■ **Stored data**:
>>>>

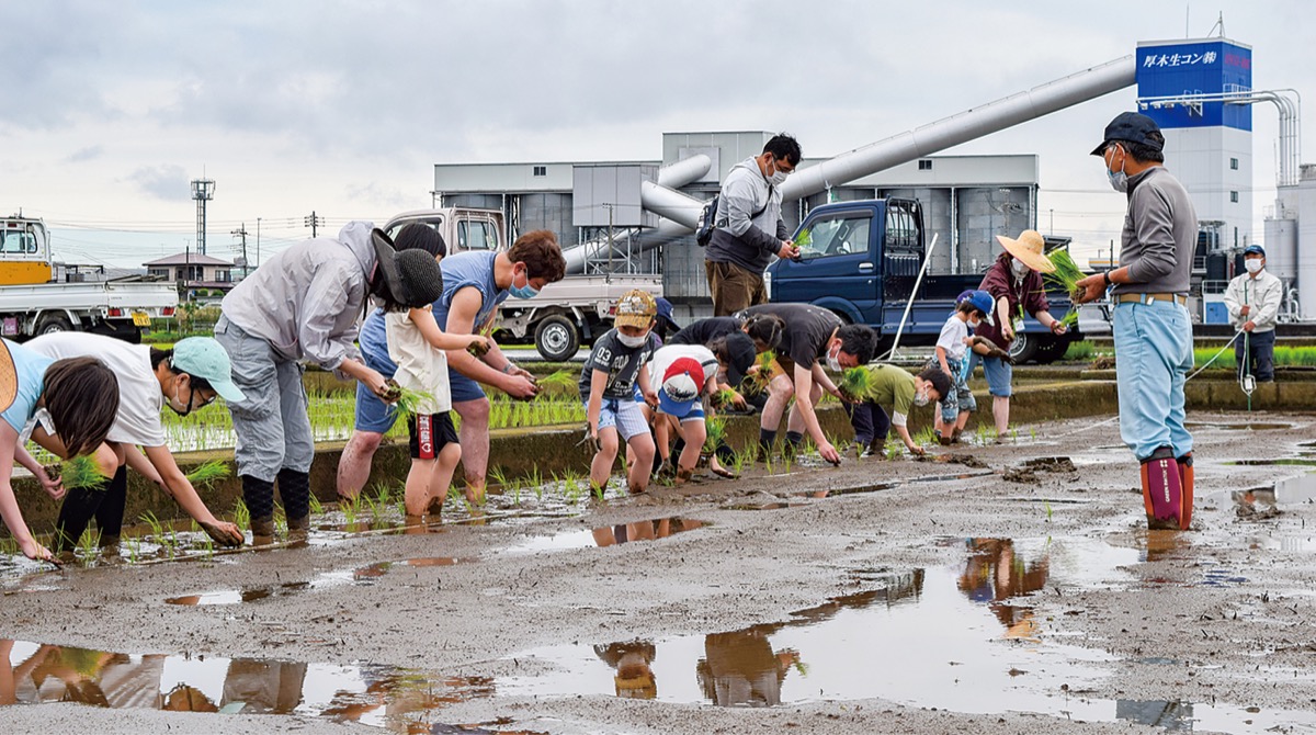 厚木市金田の田んぼで5月14日、田植えが行われ、市内外から多くの親子が参加した。
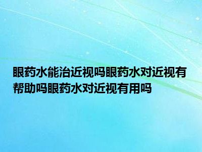 目前大家应该是对眼药水能治近视吗,眼药水对近视眼有没有帮助,眼药水对近视有用吗比较感兴趣的,所以今天小编CC就来为大家整理了一些关于眼药水能治近视吗,眼药水对近视眼有没有帮助,眼药水对近视有用吗方面的相关知识来分享给大家,希望大家会喜欢哦。
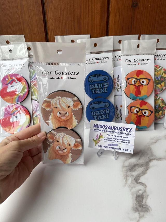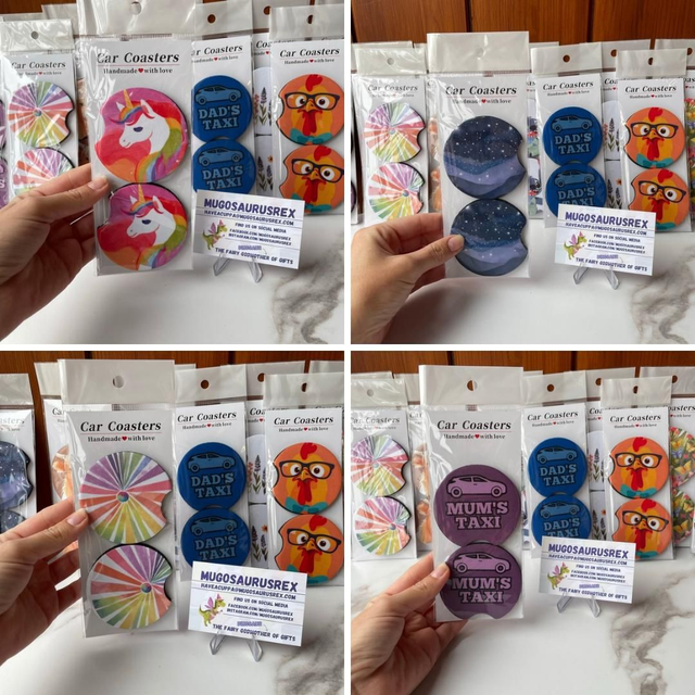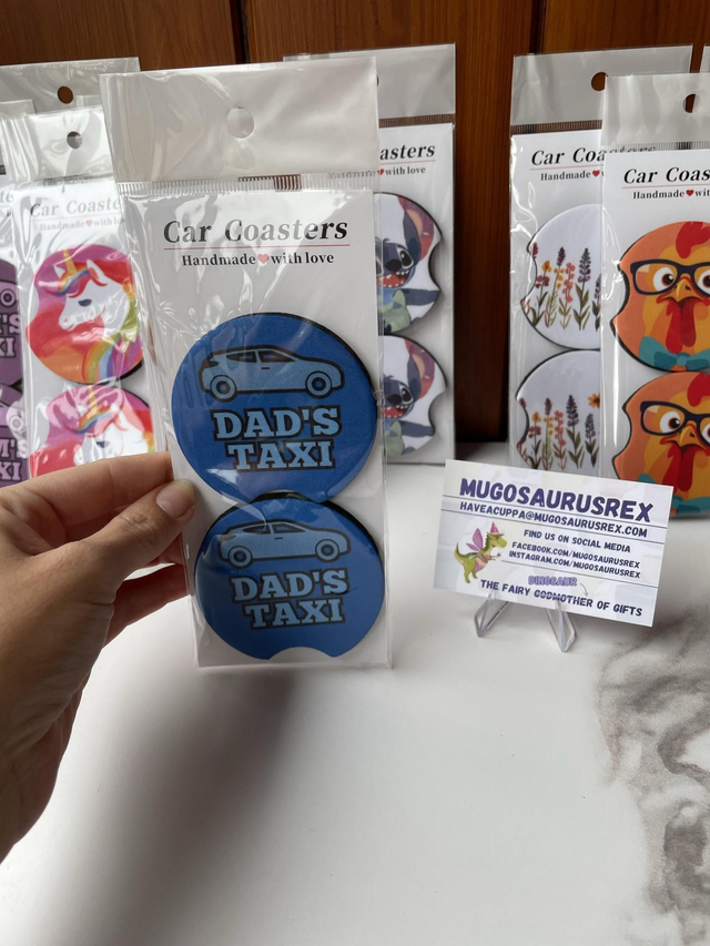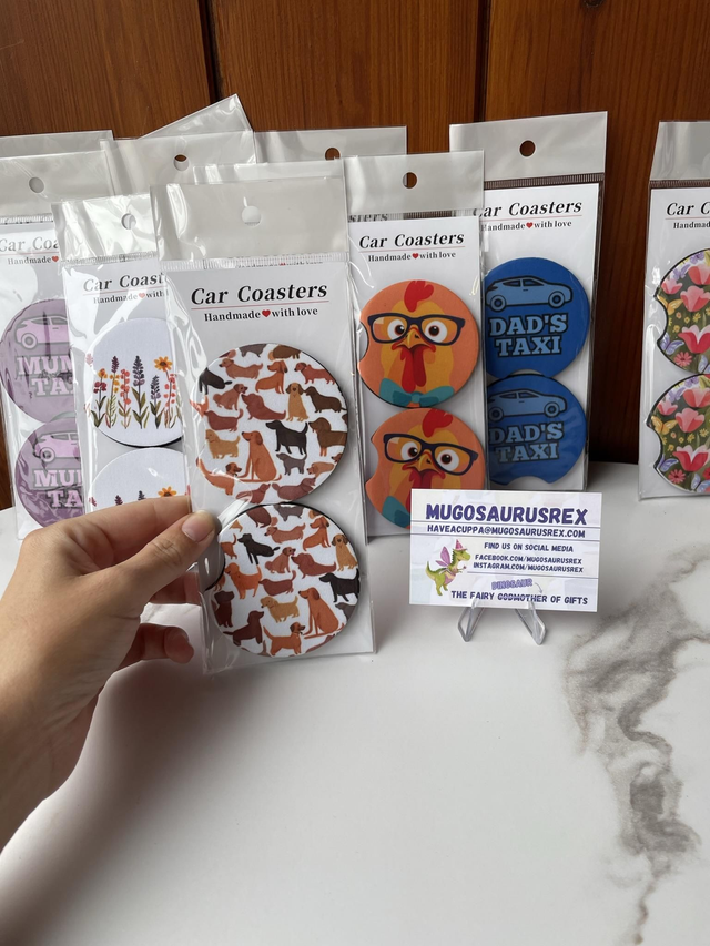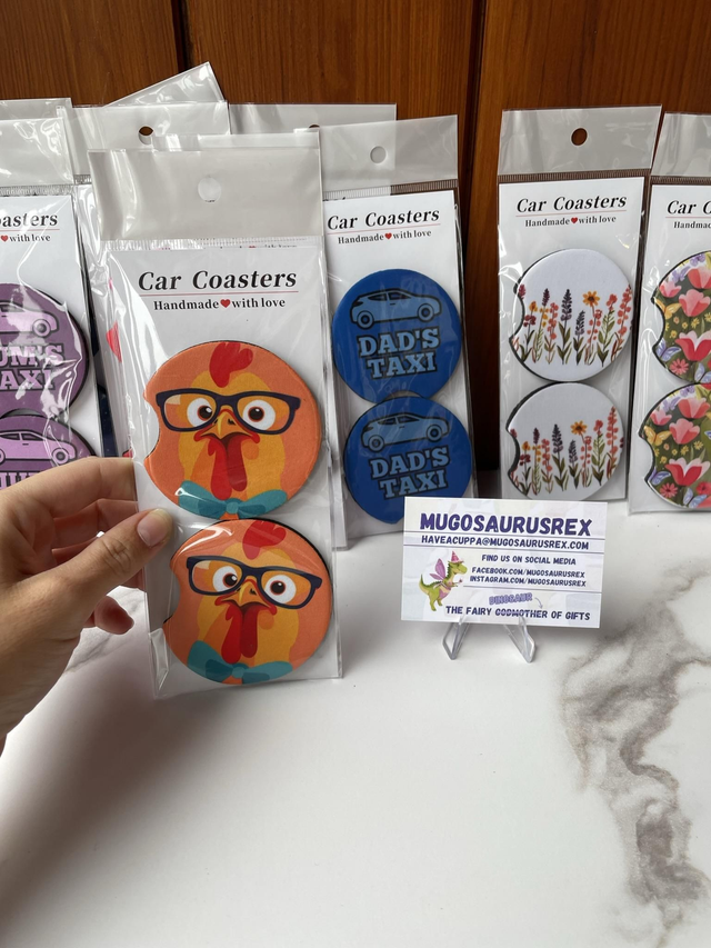 Transform your car cup holders with Car Coasters by Janie from Mugosaurusrex. Janie's unique designs are created through her own creativity and printed onto the coasters using the sublimation process. Say goodbye to messy spills and protect your cup holders in style. With various designs available, you can match to suit your personality and car interior. Make a statement while keeping your car clean and organized. Upgrade your driving experience with these stylish and functional car coasters today.

<<<<

■ **Work required**: Please write out the lines above exactly, from the one that contains "目前大家应该是对眼药水能治近" through the final line, and include none of the pictures.

■ **Solution**:
 目前大家应该是对眼药水能治近视吗,眼药水对近视眼有没有帮助,眼药水对近视有用吗比较感兴趣的,所以今天小编CC就来为大家整理了一些关于眼药水能治近视吗,眼药水对近视眼有没有帮助,眼药水对近视有用吗方面的相关知识来分享给大家,希望大家会喜欢哦。
 Transform your car cup holders with Car Coasters by Janie from Mugosaurusrex. Janie's unique designs are created through her own creativity and printed onto the coasters using the sublimation process. Say goodbye to messy spills and protect your cup holders in style. With various designs available, you can match to suit your personality and car interior. Make a statement while keeping your car clean and organized. Upgrade your driving experience with these stylish and functional car coasters today.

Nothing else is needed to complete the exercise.